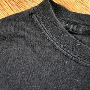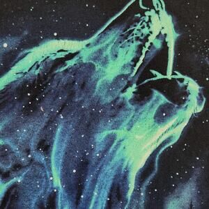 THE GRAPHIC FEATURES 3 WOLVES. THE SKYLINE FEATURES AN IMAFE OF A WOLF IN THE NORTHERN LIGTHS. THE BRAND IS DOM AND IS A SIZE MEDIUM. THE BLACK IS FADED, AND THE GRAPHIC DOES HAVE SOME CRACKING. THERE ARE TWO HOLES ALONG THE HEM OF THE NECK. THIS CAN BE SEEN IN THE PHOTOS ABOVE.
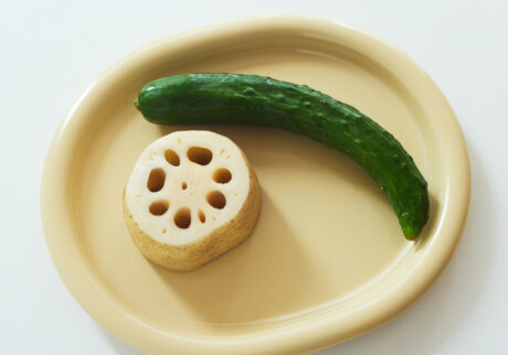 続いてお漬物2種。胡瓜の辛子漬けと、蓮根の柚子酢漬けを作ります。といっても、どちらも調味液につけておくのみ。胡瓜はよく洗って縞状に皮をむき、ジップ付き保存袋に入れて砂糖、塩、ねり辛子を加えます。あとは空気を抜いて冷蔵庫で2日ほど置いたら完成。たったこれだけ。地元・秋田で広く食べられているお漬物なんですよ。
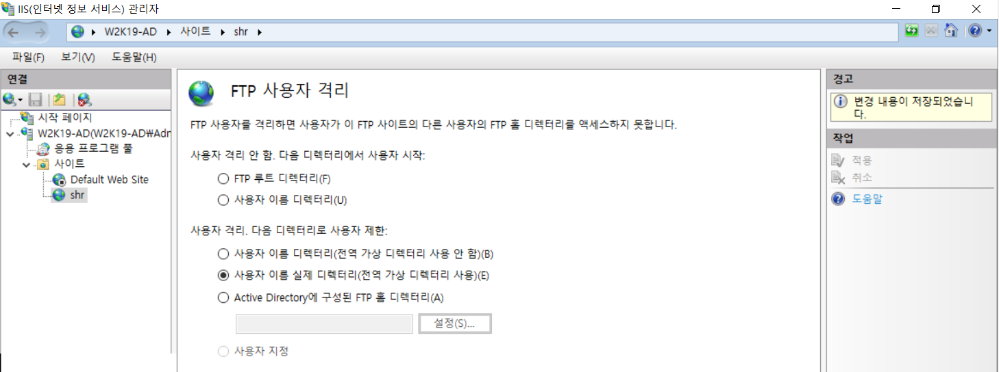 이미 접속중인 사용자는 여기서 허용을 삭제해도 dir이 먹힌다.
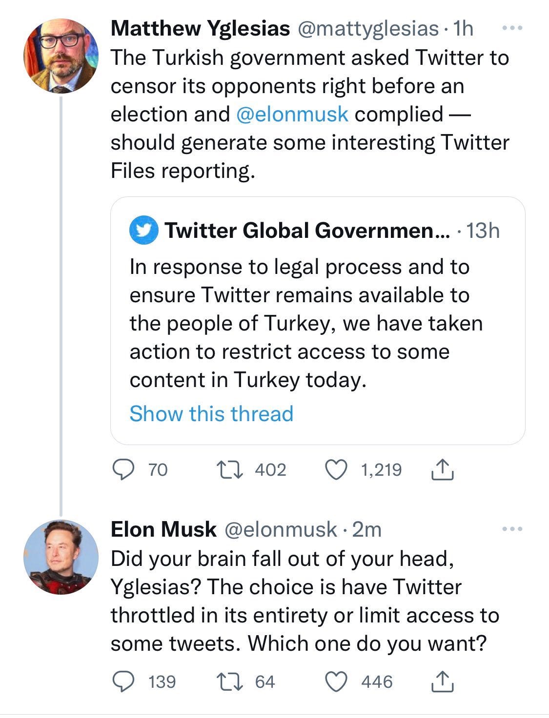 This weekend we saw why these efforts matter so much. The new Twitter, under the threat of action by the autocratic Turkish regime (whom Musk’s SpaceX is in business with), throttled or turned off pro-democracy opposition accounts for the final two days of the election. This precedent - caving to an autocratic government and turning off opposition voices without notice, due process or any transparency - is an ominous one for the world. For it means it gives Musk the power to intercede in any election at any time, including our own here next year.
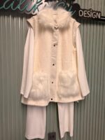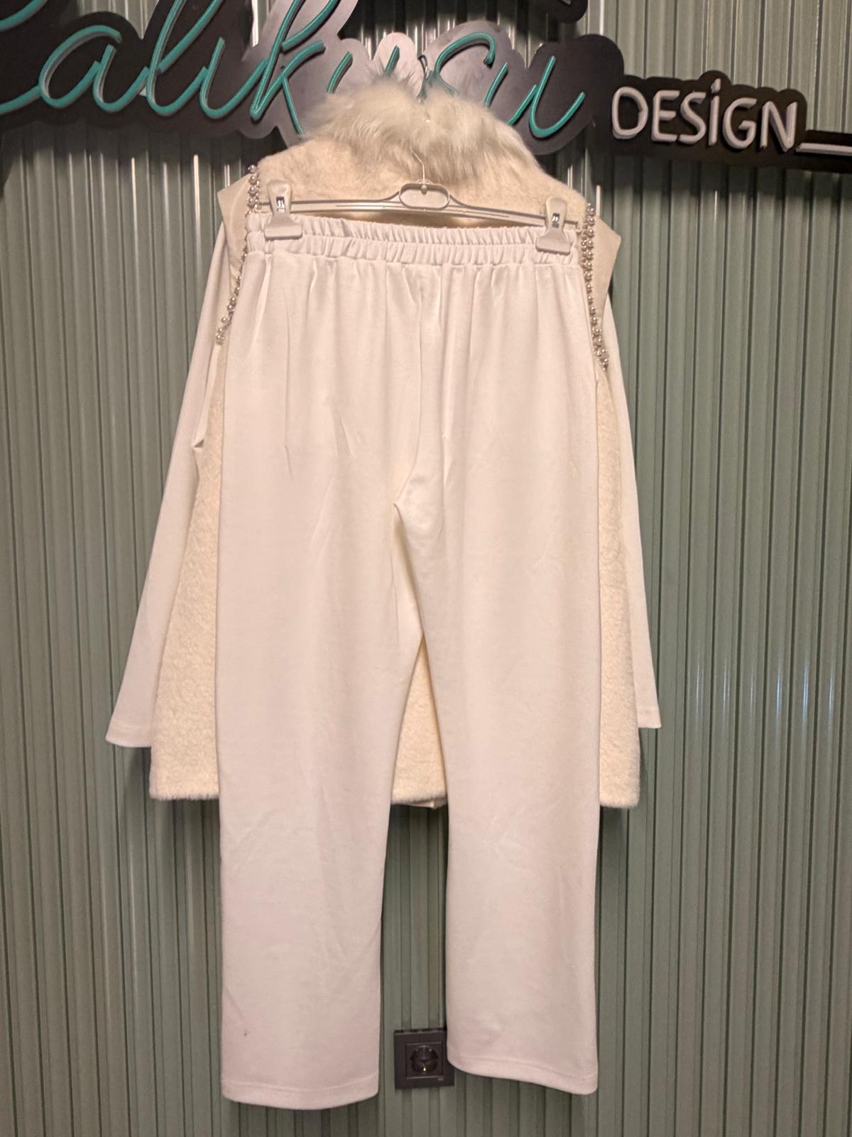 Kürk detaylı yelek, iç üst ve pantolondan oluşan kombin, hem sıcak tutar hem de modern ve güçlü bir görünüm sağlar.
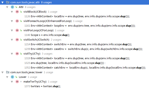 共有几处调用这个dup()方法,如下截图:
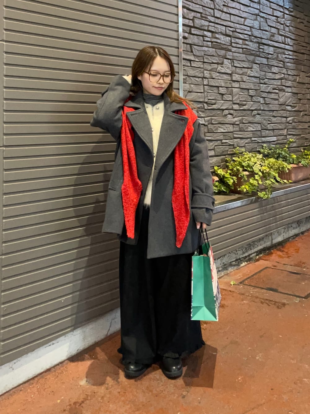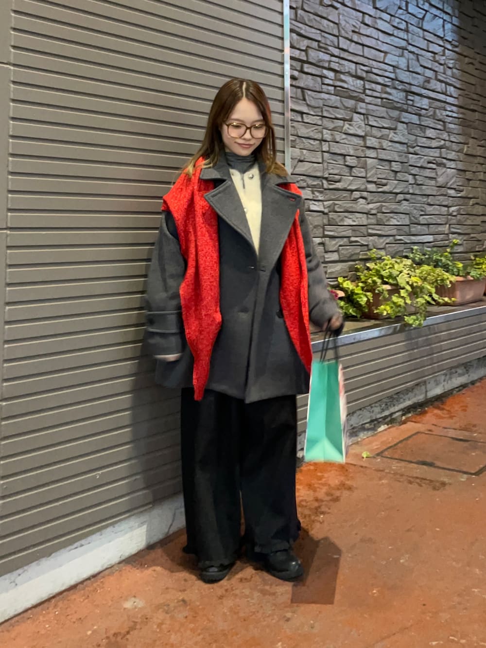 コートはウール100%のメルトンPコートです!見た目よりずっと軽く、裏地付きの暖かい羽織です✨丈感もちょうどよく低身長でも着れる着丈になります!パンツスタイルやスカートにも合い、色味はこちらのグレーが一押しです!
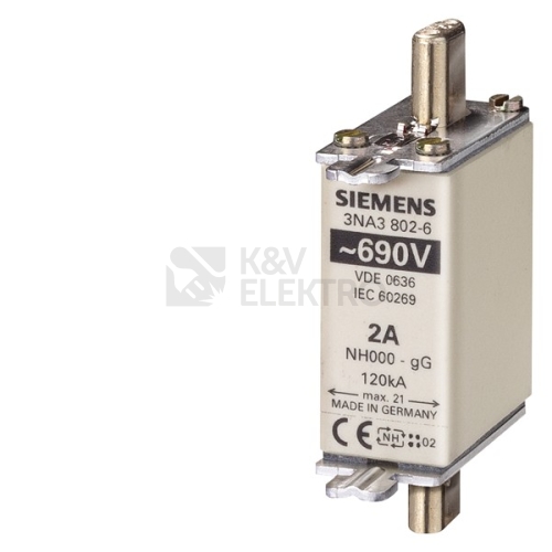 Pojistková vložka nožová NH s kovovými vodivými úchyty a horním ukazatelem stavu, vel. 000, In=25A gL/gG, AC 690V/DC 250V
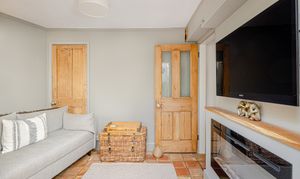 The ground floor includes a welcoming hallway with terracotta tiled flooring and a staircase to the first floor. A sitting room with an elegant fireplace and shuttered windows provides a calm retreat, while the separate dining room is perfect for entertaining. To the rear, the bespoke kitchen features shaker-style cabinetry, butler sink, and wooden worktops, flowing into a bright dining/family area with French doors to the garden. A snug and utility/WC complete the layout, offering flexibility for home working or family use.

▶ **Task statement**: All the material above should be written out exactly, with images omitted.

▶ **Solution to this problem**:
 THE GRAPHIC FEATURES 3 WOLVES. THE SKYLINE FEATURES AN IMAFE OF A WOLF IN THE NORTHERN LIGTHS. THE BRAND IS DOM AND IS A SIZE MEDIUM. THE BLACK IS FADED, AND THE GRAPHIC DOES HAVE SOME CRACKING. THERE ARE TWO HOLES ALONG THE HEM OF THE NECK. THIS CAN BE SEEN IN THE PHOTOS ABOVE.
 続いてお漬物2種。胡瓜の辛子漬けと、蓮根の柚子酢漬けを作ります。といっても、どちらも調味液につけておくのみ。胡瓜はよく洗って縞状に皮をむき、ジップ付き保存袋に入れて砂糖、塩、ねり辛子を加えます。あとは空気を抜いて冷蔵庫で2日ほど置いたら完成。たったこれだけ。地元・秋田で広く食べられているお漬物なんですよ。
 이미 접속중인 사용자는 여기서 허용을 삭제해도 dir이 먹힌다.
 This weekend we saw why these efforts matter so much. The new Twitter, under the threat of action by the autocratic Turkish regime (whom Musk’s SpaceX is in business with), throttled or turned off pro-democracy opposition accounts for the final two days of the election. This precedent - caving to an autocratic government and turning off opposition voices without notice, due process or any transparency - is an ominous one for the world. For it means it gives Musk the power to intercede in any election at any time, including our own here next year.
 Kürk detaylı yelek, iç üst ve pantolondan oluşan kombin, hem sıcak tutar hem de modern ve güçlü bir görünüm sağlar.
 共有几处调用这个dup()方法,如下截图:
 コートはウール100%のメルトンPコートです!見た目よりずっと軽く、裏地付きの暖かい羽織です✨丈感もちょうどよく低身長でも着れる着丈になります!パンツスタイルやスカートにも合い、色味はこちらのグレーが一押しです!
 Pojistková vložka nožová NH s kovovými vodivými úchyty a horním ukazatelem stavu, vel. 000, In=25A gL/gG, AC 690V/DC 250V
 The ground floor includes a welcoming hallway with terracotta tiled flooring and a staircase to the first floor. A sitting room with an elegant fireplace and shuttered windows provides a calm retreat, while the separate dining room is perfect for entertaining. To the rear, the bespoke kitchen features shaker-style cabinetry, butler sink, and wooden worktops, flowing into a bright dining/family area with French doors to the garden. A snug and utility/WC complete the layout, offering flexibility for home working or family use.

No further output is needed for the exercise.